Doesn't one new variable in a mix during the testing period influence the outcome– QE, no QE, etc etc…(sure, there's been other ways of doing it). But how to judge what has the over riding influence on the outcome? This could vary under certain conditions. How much of the US equity recent rise is in default of Europe, just like EURGBP taking the heat…and how much of the current price is underpinning based on QE to come?

What has recent price action illustrated, if anything at all…

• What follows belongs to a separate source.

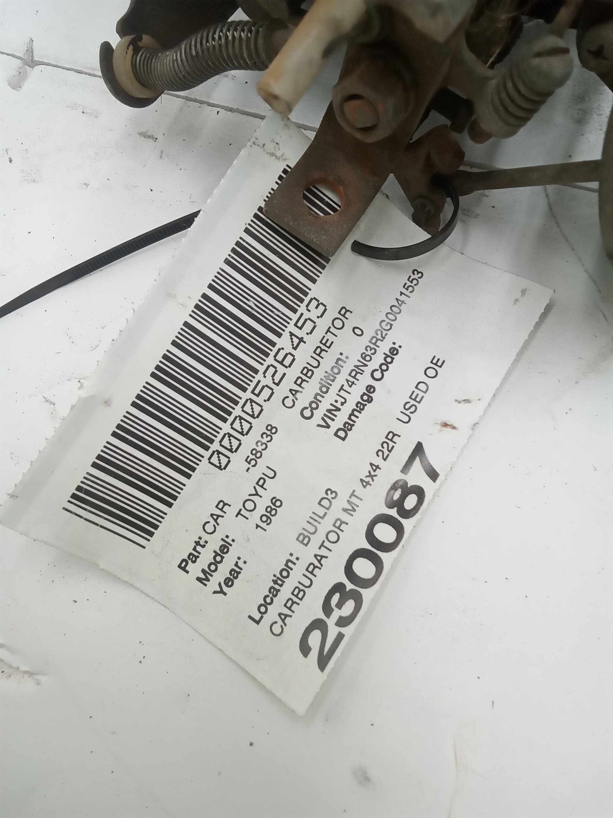 85-87 TOYOTA PICKUP Carburetor 2WD 1/2 Ton Manual Transmission USED OEM 35310
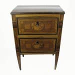 Il piano è in noce, lastronato e profilato da cornici in massello. I fianchi di questo antico comodino sono decorati con intarsio a motivi geometrici e greche mentre sul fronte i due cassetti sono centrati da medaglioni ornati con strumenti musicali. Molteplici sono le essenze utilizzate per realizzare questo intarsio che crea un raffinato effetto cromatico grazie al contrasto armonico dei vari toni del legno; troviamo infatti legni policromi, bois de rose, noce, pero ebanizzato, acero, bosso e ciliegio. Anche i piedi troncopiramidali sono decorati.

How should weaker growth effect share prices? I would argue that this would just be a further nail in the coffin, when all the ducks are lining up, but how can we say it's got more weight currently than some other significant half ? It's tough. Are the number of running variables any different than twenty years ago? Maybe not. Are market conditions, HFT, leverage, number of participants in the market any different? Certainly. Has this influenced price action? Maybe Richard Dennis may have some views here.

When does the variation in conditions influence the ability to test? I suppose this might be the question.





Speak your mind

2 Comments so far

  1. Pacific SW on July 24, 2012 7:40 am

    vic, it’s not about 1% growth. it’s about negative real yields all the way up to 20 years. it’s about 10,000 baby boomers retiring every day. the return on capital of businesses has been dependent on gubernment printing, not on wealth creation. the two are tied at the hip, it seems.

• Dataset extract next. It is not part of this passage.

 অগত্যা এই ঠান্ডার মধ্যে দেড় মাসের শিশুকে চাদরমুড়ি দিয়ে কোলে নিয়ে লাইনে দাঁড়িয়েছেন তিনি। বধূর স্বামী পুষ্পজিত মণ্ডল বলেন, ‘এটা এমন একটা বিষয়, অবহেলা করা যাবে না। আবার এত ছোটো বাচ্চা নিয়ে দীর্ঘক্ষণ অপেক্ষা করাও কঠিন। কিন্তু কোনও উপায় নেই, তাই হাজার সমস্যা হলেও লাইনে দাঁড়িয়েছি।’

    to use a parable, this could be how money goes to die. with a whimper, not with a bang. first japan, then europe, then this. it does not compute. the bernank is buying everything in sight. He ran out of gov. debt, but will continue to MBS, REITS, stocks, vacation houses, boats etc. until the fed balance sheet will own the whole economy. then he can raise the red flag with the hammer and the sickle.

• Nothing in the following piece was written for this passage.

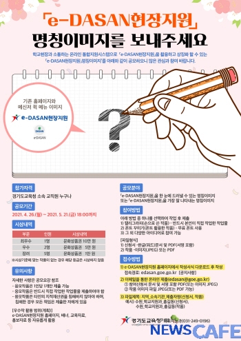 [뉴스카페]경기도교육청(교육감 이재정)은 26일부터 5월 21일까지 온라인 업무지원시스템 ‘e-DASAN현장지원’의 새로운 상징(CI)을 공모한다.
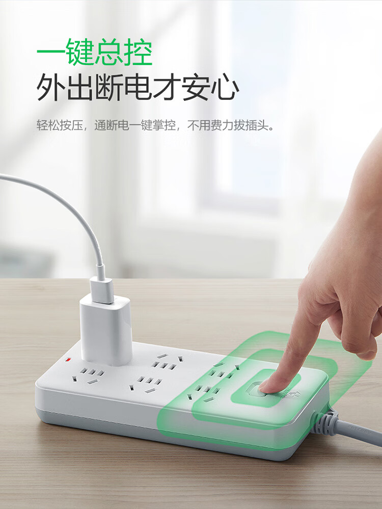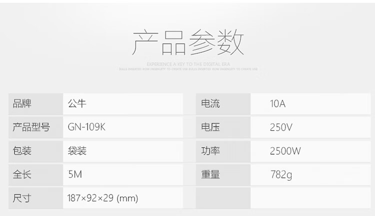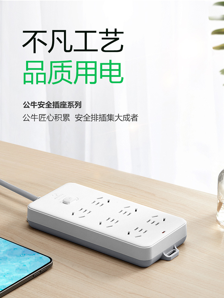 公牛(BULL)GN-109K 新国标插座/插线板/插排/排插/接线板/拖线板 6位总控全长5米 自营

    that higgs boson better yield something more than an ipad app, to get us out of this.

  2. Craig on July 24, 2012 8:50 pm

    Pacific SW is right about the same water running under the bridge with the US having a 10yr lag on Japan. Business cycles matter though even if tough to time. Stocks peak 7 months before a recession usually and normally bottom 3 months in. An investor would know to be careful when the lagging index is the strongest. It’s been outpacing the economy since April 2011 and the economy has been totally inverted (lagging, coincident, leading) since September 2011. Previously, the economy inverted in August 2005 and July 2000. Inflation matters, so the leading inflation index becoming the strongest in 1999 and the second half of 2005 wasn’t something you want to see late cycle. If the economy corrects, it’ll be time to look at stocks when the lagging index turns negative. 2001 looked interesting in April I think it was but seasonality was rolling over, so you had to wait to get though the negative seasonality to see how we shaped up. We decided to follow the global recession path and the rest was history until we reached the similar low point as the 1973-75 recession. Economics work but most people look at the numbers instead of relationships. 1986 saw the leading inflation index soar to become the strongest index. Even CPI did a late cycle ramp up. The Japan Long Leading Index was strong, so you didn’t have to be particularly bearish on stocks and the economy to see yen was the place to be. If you think the positives of a loose Fed and the weak leading inflation numbers are bullish for stocks, it still doesn’t mean you want to invest with an economic inversion setup. Doing nothing is sometimes the best thing you can do. Maybe we get another runup in the grains between the Aug3 employment report and Aug10 crop report.

    On a different note, wonder why we have to worry about the downside whenever nyc barometric pressure falls below 30?


    Also, what’s with these 50c drops in silver at 6pm that only last 1min? Today was only 10c but it’s still not right.